Inflammatory pathway genes associated with inter-individual variability in the trajectories of morning and evening fatigue in patients receiving chemotherapy

Affiliations
Multicenter Study

Inflammatory pathway genes associated with inter-individual variability in the trajectories of morning and evening fatigue in patients receiving chemotherapy

Fay Wright et al. Cytokine. 2017 Mar.

Abstract

Fatigue, a highly prevalent and distressing symptom during chemotherapy (CTX), demonstrates diurnal and interindividual variability in severity. Little is known about the associations between variations in genes involved in inflammatory processes and morning and evening fatigue severity during CTX. The purposes of this study, in a sample of oncology patients (N=543) with breast, gastrointestinal (GI), gynecological (GYN), or lung cancer who received two cycles of CTX, were to determine whether variations in genes involved in inflammatory processes were associated with inter-individual variability in initial levels as well as in the trajectories of morning and evening fatigue.
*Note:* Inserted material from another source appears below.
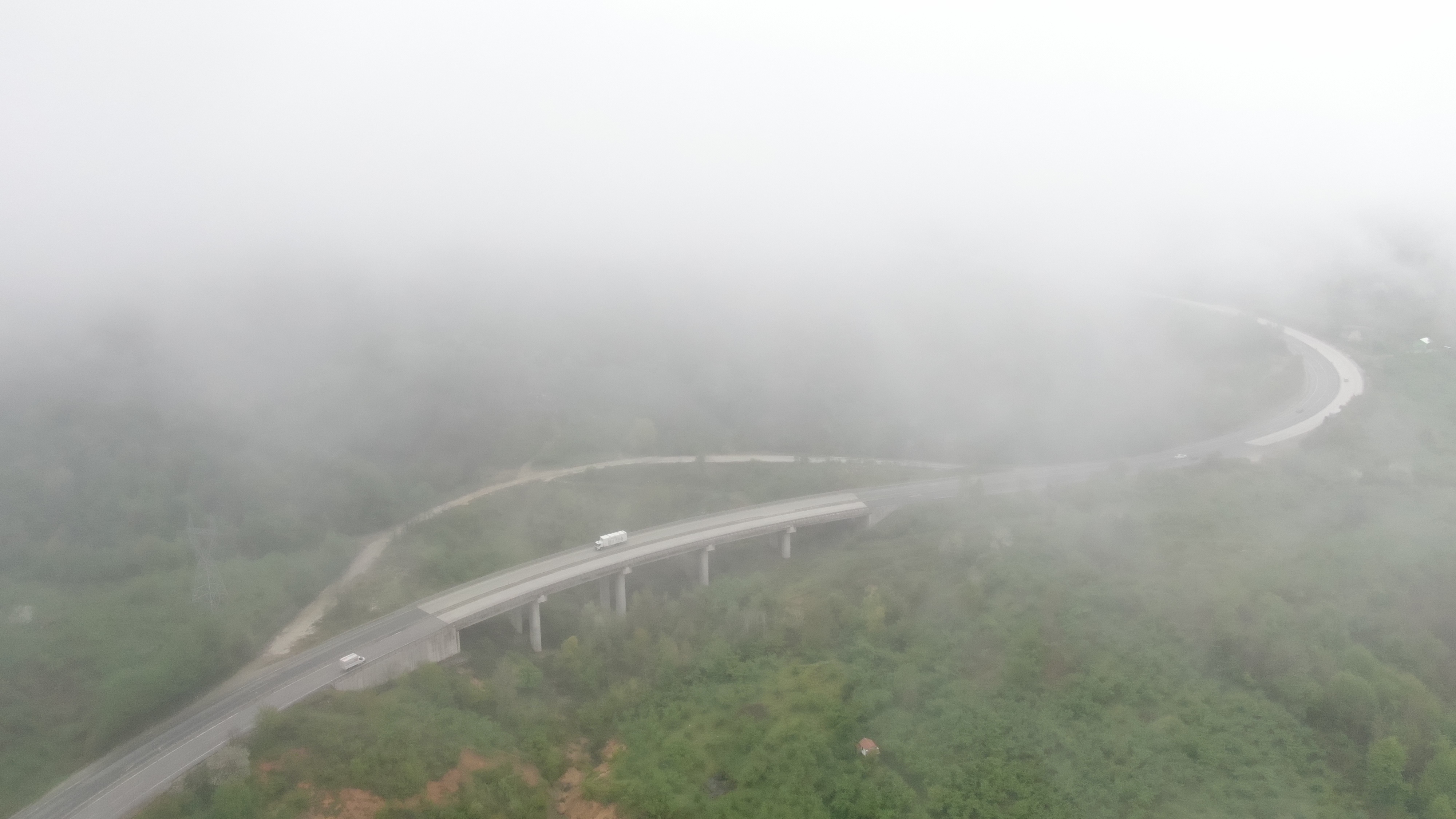 Dik rampaların yanı sıra keskin virajlar bulunan 34 kilometrelik D-655 Batı Karadeniz bağlantı yolunun Akçakoca kesiminde etkili olan sis, havadan görüntülendi.

Patients completed the Lee Fatigue Scale to determine morning and evening fatigue severity a total of six times over two cycles of CTX. Using a whole exome array, 309 single nucleotide polymorphisms SNPs among the 64 candidate genes that passed all quality control filters were evaluated using hierarchical linear modeling (HLM). Based on the results of the HLM analyses, the final SNPs were evaluated for their potential impact on protein function using two bioinformational tools. The following inflammatory pathways were represented: chemokines (3 genes); cytokines (12 genes); inflammasome (11 genes); Janus kinase/signal transducers and activators of transcription (JAK/STAT, 10 genes); mitogen-activated protein kinase/jun amino-terminal kinases (MAPK/JNK, 3 genes); nuclear factor-kappa beta (NFkB, 18 genes); and NFkB and MAP/JNK (7 genes). After controlling for self-reported and genomic estimates of race and ethnicity, polymorphisms in six genes from the cytokine (2 genes); inflammasome (2 genes); and NFkB (2 genes) pathways were associated with both morning and evening fatigue. Polymorphisms in six genes from the inflammasome (1 gene); JAK/STAT (1 gene); and NFkB (4 genes) pathways were associated with only morning fatigue. Polymorphisms in three genes from the inflammasome (2 genes) and the NFkB (1 gene) pathways were associated with only evening fatigue. Taken together, these findings add to the growing body of evidence that suggests that morning and evening fatigue are distinct symptoms.

Keywords: Cancer; Chemotherapy; Diurnal variability; Fatigue; Genes; Hierarchical linear modeling; Inflammation.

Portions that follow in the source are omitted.